The Regional PV Lead is accountable for driving the strategic evolution and transformative optimization of the Affiliate PV System across the assigned region, ensuring compliance and effectiveness. This position acts as a key contributor and expert in the Affiliate PV system in the region, fostering innovation across a complex, multi-country environment, in partnership with relevant regional and global stakeholders.

The incumbent works as an extended team member of the Affiliate PV Net team, ensuring the exchange of critical learnings to inform and influence future global process design and refinement and proactively driving alignment of region-specific optimizations with the overarching global PV strategy.

• Architect, implement, and sustain structures and networked ways of working that enable the optimal use of resources within the IPS network, aligning with the APS grouping strategy.
• Lead/facilitate PV excellence strategy and planning to enable effective prioritization for impact across the assigned region.
• Collaborate strategically with the IPS Region Head, Safety Net, Affiliate PV Net, other PDS functions (e.g., Patient Safety Operations), and affiliate leadership by leveraging
  cross-country PV system insights to determine priorities, shape organisational strategies, and influence regional and global decisions related to the Affiliate PV system’s robustness and effectiveness.

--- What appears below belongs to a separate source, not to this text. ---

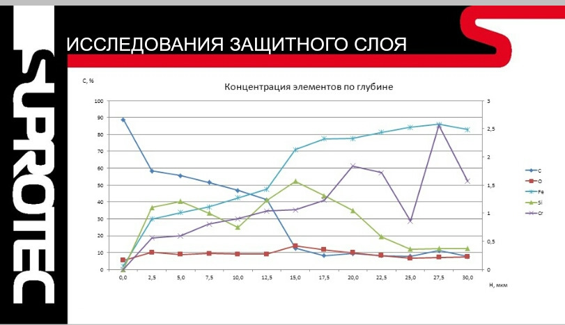 Даже Супротек в своих публикациях напрямую указывает, что основной элемент, из которого состоит формируемое им покрытие — углерод.
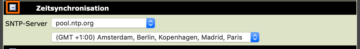 Time synchronization: The time server used is specified here. The time zone is also set here.

• Champion PV stewardship and embed a proactive quality and inspection readiness mindset in safety-related activities.
• Strategize, coordinate, and manage change to support the effective implementation of global PV processes and local regulatory requirements across the assigned region in partnership with the Patient Safety Country Cluster Lead, APS, and Affiliate PV Net.
• Escalate compliance concerns to relevant stakeholders when necessary.
• Contribute where needed to GVP inspection readiness and management activities, in partnership with IPS/PDS, PDQ, and other key stakeholders, while proactively addressing potential PV risks and gaps.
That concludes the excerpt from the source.